Starting point is 00:12:43 So right now you're listening to part two and uh we'll probably continue this discussion because there was a bunch of things too of uh neither of us i'm not sure maybe in the midst of um the stories that have been shared you have revealed what you think is one of the most surprising sort of namings but i'll save that for our next recording and then also too I wanted to mention some stuff about naming patterns. Oh, yeah. I got like three things written down on my notepad. Let's do it.
Starting point is 00:13:14 Let's do it. Well, we'll do it in the next recording. No, no, no. Come on. We're warm. We're warm. I need to go in like 12 minutes. Give me those 12 minutes. Give me 12 minutes. All right. All right. We're warm. I need to go in like 12 minutes. Give me those 12 minutes.
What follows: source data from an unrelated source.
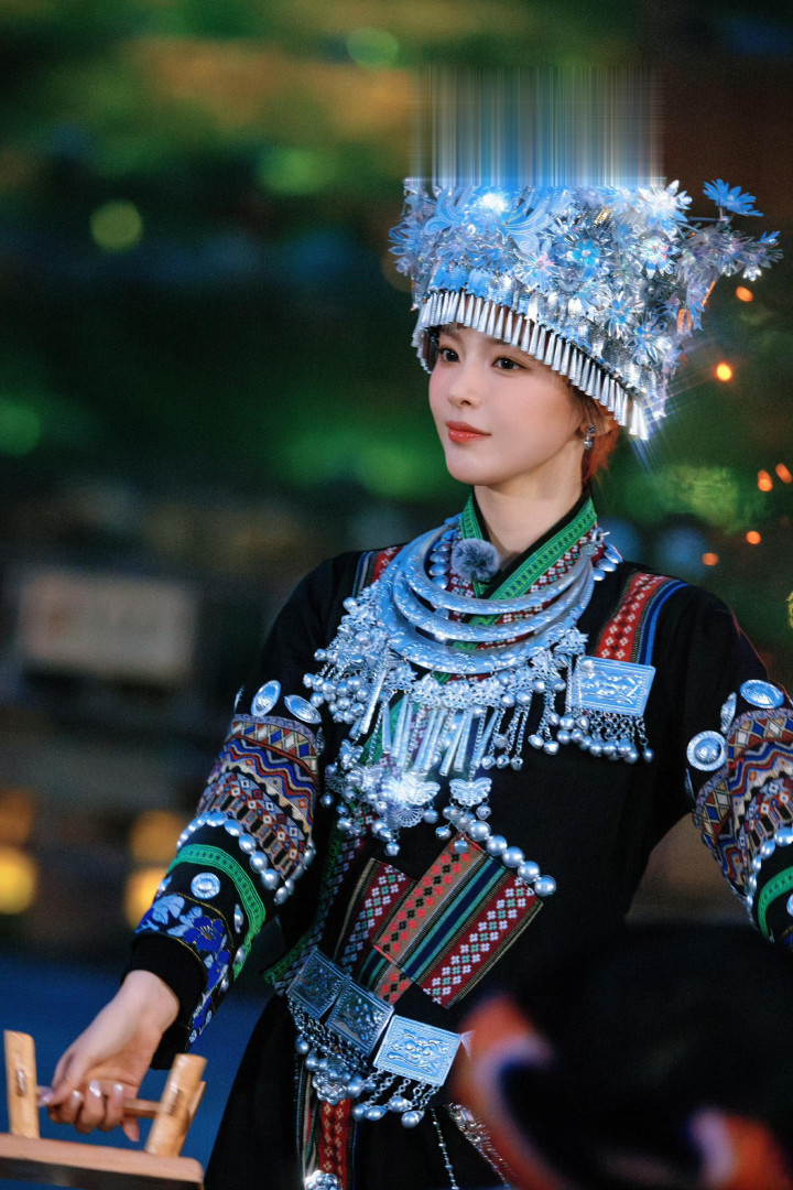 切换为鲜嫩明媚的民族风造型,大阳城孤单缀满银饰的传统衣饰,繁复的银冠、多层项圈与良好刺绣,衬出民风纹样的精雅漂后,展现着民族文化的稳固与丽都。
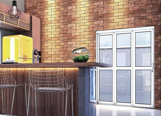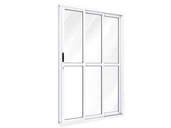 Porta de Correr Lateral Com Vidro 2fls Móveis e 1 Fixa. Aço cor branca. Lucasa Facilità.
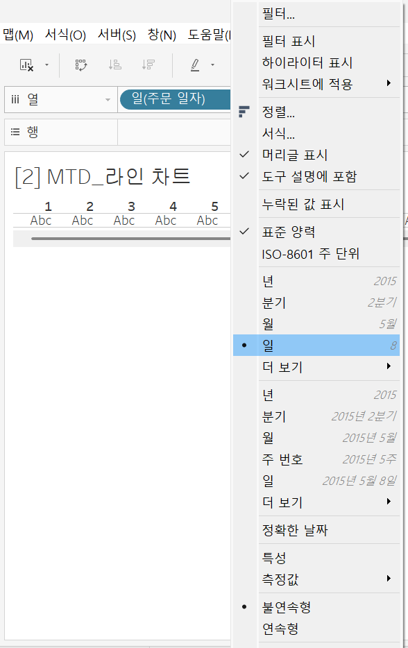 - 우클릭 - 불연속형 (일) 선택
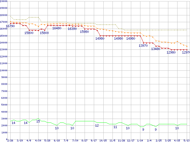 Phenom II X4 910e (2.6GHz,L2 512KB×4,L3 6MB,TDP 65W)の価格推移↑前グラフ↓次グラフ(2010年2月26日〜2011年5月13日)※このグラフは過去のデータも税率5%相当に調整した税込み相当額のグラフです。●関連グラフCPU主要製品の最安値推移CPU主要製品(最安値1万円〜2万円未満)の最安値推移AMD系CPUの最安値推移Socket AM3 (HyperTransport 3.0,Quad Core)の最安値推移●凡例最安値(点線部は販売店未確認または未調査)平均値最高値ショップ数
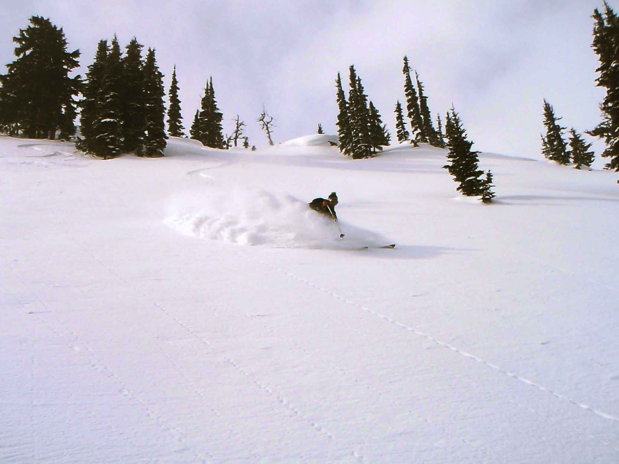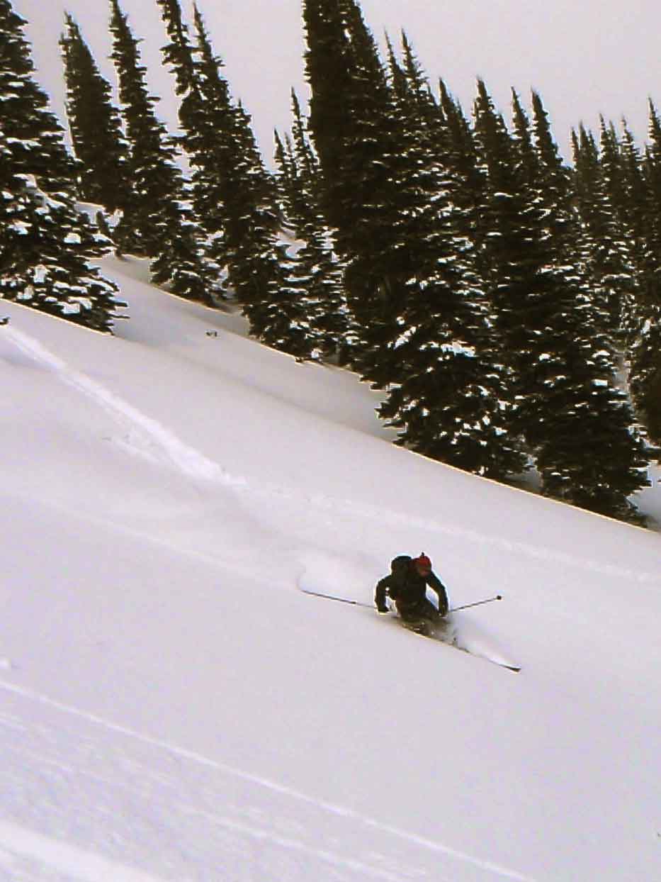 Sorry about riding on your skin track up on the ridge we were looking at dropping into Pickhandle but saw you guys had already hit it so we dropped off the face towards quicksilver.
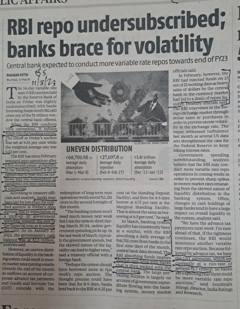ЁЯСНLiquidity constraint in the system? Courtesy Business Standard–11.3.23
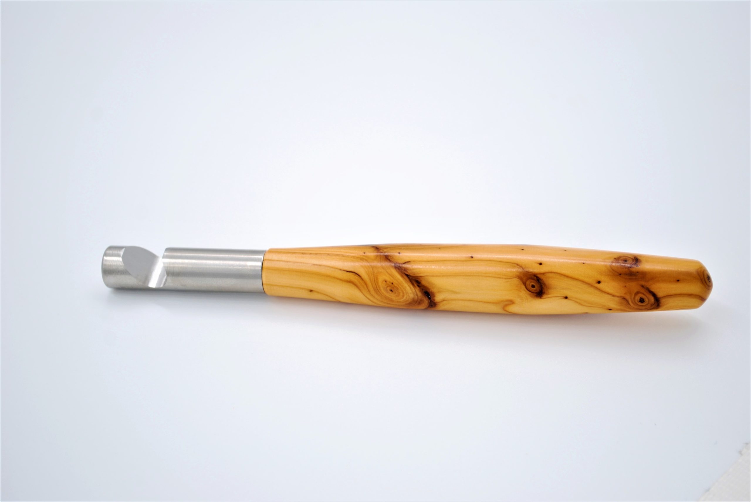 Die Eibe zählt bei uns in Europa zu einem eher raren Holz. Der Grund dafür liegt hierbei, weil sie früher aufgrund ihrer Härte, sehr gerne für den englischen Langbogenbau verwendet wurde. Deshalb darf dieses Holz nur aus vereinzelten Gründen, wie zum Beispiel aus Baulichen Gründen etc., geschnitten werden was die Anschaffung erschwert. Noch hinzu kommt das die Eibe ein sehr langsam wachsender Baum ist. Die Eibe enthält teilweise sehr viele kleine Verästelungen, was man auch als Augen bezeichnet und sie dann den Beinamen Maser Eibe erhält. Mit der lagerfeuerroten Färbung des Holzes und den vielen Augen zählt sie somit zu einer unserer schönsten Holzarten!

Starting point is 00:13:26 Give me 12 minutes. All right. All right. We can keep going. So first off, what is – do you have off the top of your head? So I'll share what mine is. And if you've watched my talks, you've probably seen this before. So in C++, our reduction is called std accumulate, which definitely not the
Starting point is 00:13:46 best name as far as reduction algorithm names goes. And then we call our scan partial sum, at least in C++ 11. We have parallel versions with different restrictions in C++ 17 called std reduce and std inclusive scan and std exclusive scan which are much better names in my opinion but in not just python now because and that's python if there's python developers probably not but if you're working on the core team python needs to pay so much attention to what they what they name their stuff because other languages whether it's in the core language, the standard library, or just like packages, so many languages just copy what Python does. And an example of this is Python's Accumulate.
Starting point is 00:14:36 So Python also has an algorithm called Accumulate. But it is not a reduction. It is a scan. So C++'s reduction is called accumulate and python's accumulate is our partial sum and another programming language went ahead and stole this or copied it and that language is julia their scan, their generic scan is called Accumulate, which is also when it comes to their scan names, they're awful, in my opinion, for multiple reasons. And so they might not have copied Python. At least that's the connection I see. But they obviously, Julia, it's sort of a flavor of the sort of MATLAB and Octave sort of scientific and numerical languages.
Starting point is 00:15:26 But they have their generic version of a scan called Accumulate. And then they have a bunch of specializations which actually have the binary operation hardcoded. So they have like Cumprod, which is a multiplication scan. They have CumSum, which is a addition scan or a plus scan. And I think there's a couple other variants. But that really bothers me because there's no symmetry between the specialization names or the specialized versions of the scans and the generic scan.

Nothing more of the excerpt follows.